John Harrison takes to the streets

This weekend saw a positive relaxation in the Corona regulations here in the Bonn area.  For the first time since lockdown Bonn Council has been allowing permits to entertain in the City streets.  Folk Club impresario John Harrison was proudly the first to play Bonn’s shopping streets again, so I joined him for some of his journey as a street musician to see how people would react to hearing a real guitar and a real voice out on the streets again.

John Harrison really was quick off the start blocks in claiming a street music permit.  So quick in fact that he recalls a delay in his appointment because the council officer was out overseeing the painting of yellow squares in pre-determined locations around Bonn – not always in the perfect locations for musicians as we shall see – but Corona rules rule right now.

John was feeling very optimistic on Friday being the only holder of a pass on what was expected to be a day sunny enough to fry eggs on the pavement.  By almost mid-day on Saturday though the rain was still falling and people would be more likely to head for the cover and bargains of Karstadt’s closing down sale.

Will John’s paperwork be in order? – The police watch on.

By the time we meet up at Münsterplatz though, the puddles of water were reflecting bits of blue sky amongst the grey clouds.  We take a look at the stapled sheets of paper stamped by Bonn’s powers that be, telling John where he can and cannot play, how long for, and how he is to behave whilst there.  There are the usual rules of a half-hour maximum in one space and not returning to said space for so many minutes or playing near said space for so many minutes.  Then there were the new rules to consider…
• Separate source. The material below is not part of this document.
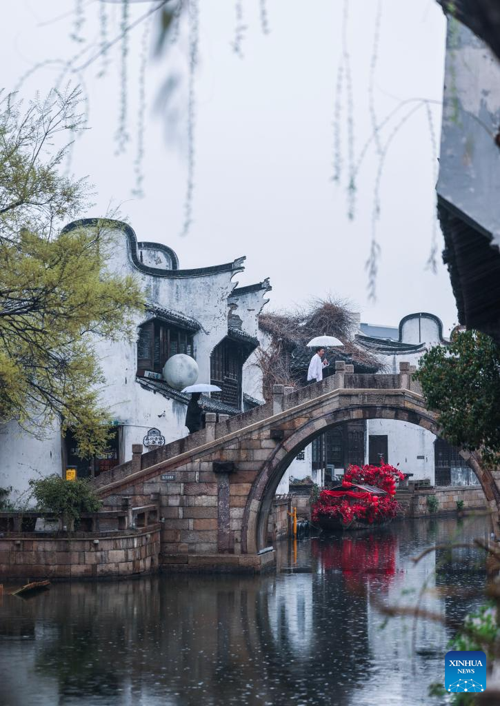 Esta fotografía, tomada el 24 de marzo de 2026, muestra el paisaje primaveral del barrio histórico y cultural de Yuehe, en el distrito de Nanhu de la ciudad de Jiaxing, provincia de Zhejiang, al este de China. (Xinhua/Xu Yu).

As mentioned.  The  City regulators had been out the previous day painting yellow squares.  In each of the seven locations, there were now four such squares, with one marked out as the ‘stage’.  The audience was somehow expected to be herded into the three remaining boxes with 1.5 metres between them (and the space between them and said ‘stage’ was around 4 metres to avoid aerosols from singers).  John reckoned his ‘step’ distance to be around a metre so we checked this out – all good.  What we didn’t have, as John pointed out wryly, was a highly trained sheepdog to get listeners into the said boxes and, more challengingly, keep them there.
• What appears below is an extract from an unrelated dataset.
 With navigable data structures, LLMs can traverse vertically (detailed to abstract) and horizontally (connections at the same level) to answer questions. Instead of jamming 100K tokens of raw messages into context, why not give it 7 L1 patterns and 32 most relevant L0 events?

There goes the stage – an e-bike sits on John’s ‘Bühne’ behind the Münster, but there is plenty of space inside the audience squares

It could even be a problem from the ‘off’, as, exactly on the cue to begin playing, a police van pulled ominously up a few metres from the first ‘spot’ which was, rather appropriately, near the ‘Pranger’ outside the Münster where medieval miscreants were chained.  One false move by a happy reveller in front of John and I could see him being moved, chained. and pelted with rotten tomatoes…
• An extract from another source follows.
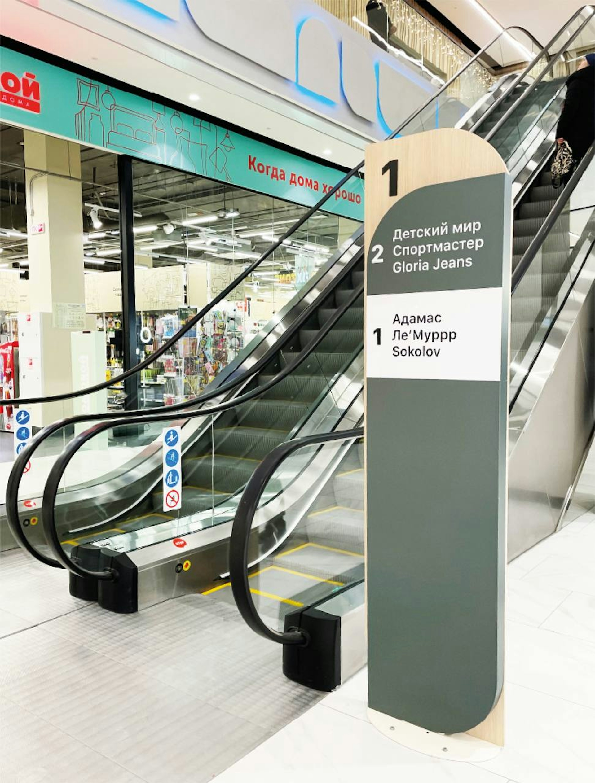The BLANK team developed an intuitive and effective navigation system that guides visitors to their desired destinations. This work was carried out alongside the creation of interiors and a corporate identity for the facility, allowing for the integration of navigational elements into the overall branding of the shopping center.

In the event, people were keeping their distance.  Maybe unsure if John was legally allowed to be playing,  maybe out of fear for Corona, or maybe even (unbelievably) they didn’t like Blues music.  At any rate, only three pigeons approached our yellow boxes, and even they hopped around them rather than entering.  I left John and his feathered audience to his work and promised to catch him later at Bottlerplatz.


A half-hour or so later I actually found John entertaining a small crowd of actual human beings opposite Macdonalds in Friedensplatz.  All hope of being heard at Bottlerplatz having been quickly scuppered by the presence only a few feet away of a children’s roundabout throwing out dings from the firetruck and dongs from the ambulance and in between, merry go round music.

Best crowd of the day – Friedensplatz

As it turned out though, Friedensplatz was probably the best location of all,  although this was difficult to ascertain initially.  Yes, there were certainly lots of people sitting on the steps in the now radiant sunshine, but John seemed to be singing the praises of twelve gates to the city and the limitations of St James Infirmary into a vacuum, as most said heads were bent over cellphones.  Curiously though, many of them could obviously multi-task, as John’s tip-jar (hat) got good business from people who hadn’t seemed to be listening at all.  Feeling heartened that the day was now firmly going John’s way I wished him luck on his further travels and headed off to get some shopping done.


The consensus by afternoon’s end for the City Centre’s lone musician:  Some of the locations were a bit naff for finding an audience it seemed, or even being heard in the case of Bottlerplatz.  There were a couple of electric bikes parked on John’s stage square next to the giant heads of Cassius and Laurentius behind Münsterplatz, and a wagon parked on his ‘stage’ at Bottlerplatz didn’t help matters initially.  John though was optimistic about things.  Currently, the best and most enthusiastic listeners are, he noted, actually children.  Many presumably dragged around the shopping centre by parents and happy for some distraction that didn’t involve rotating in a circle in a fake fire engine.  Perhaps, when people get used to both seeing and hearing music on the streets again, the adults will enjoy it too. Whether they will ever understand where to stand, or acquiesce to actually stand there without those highly trained sheepdogs though is something I’m waiting to find out.  Maybe Stadt Bonn is already on to it.  The kids would certainly love having a dog to pat whilst the music played.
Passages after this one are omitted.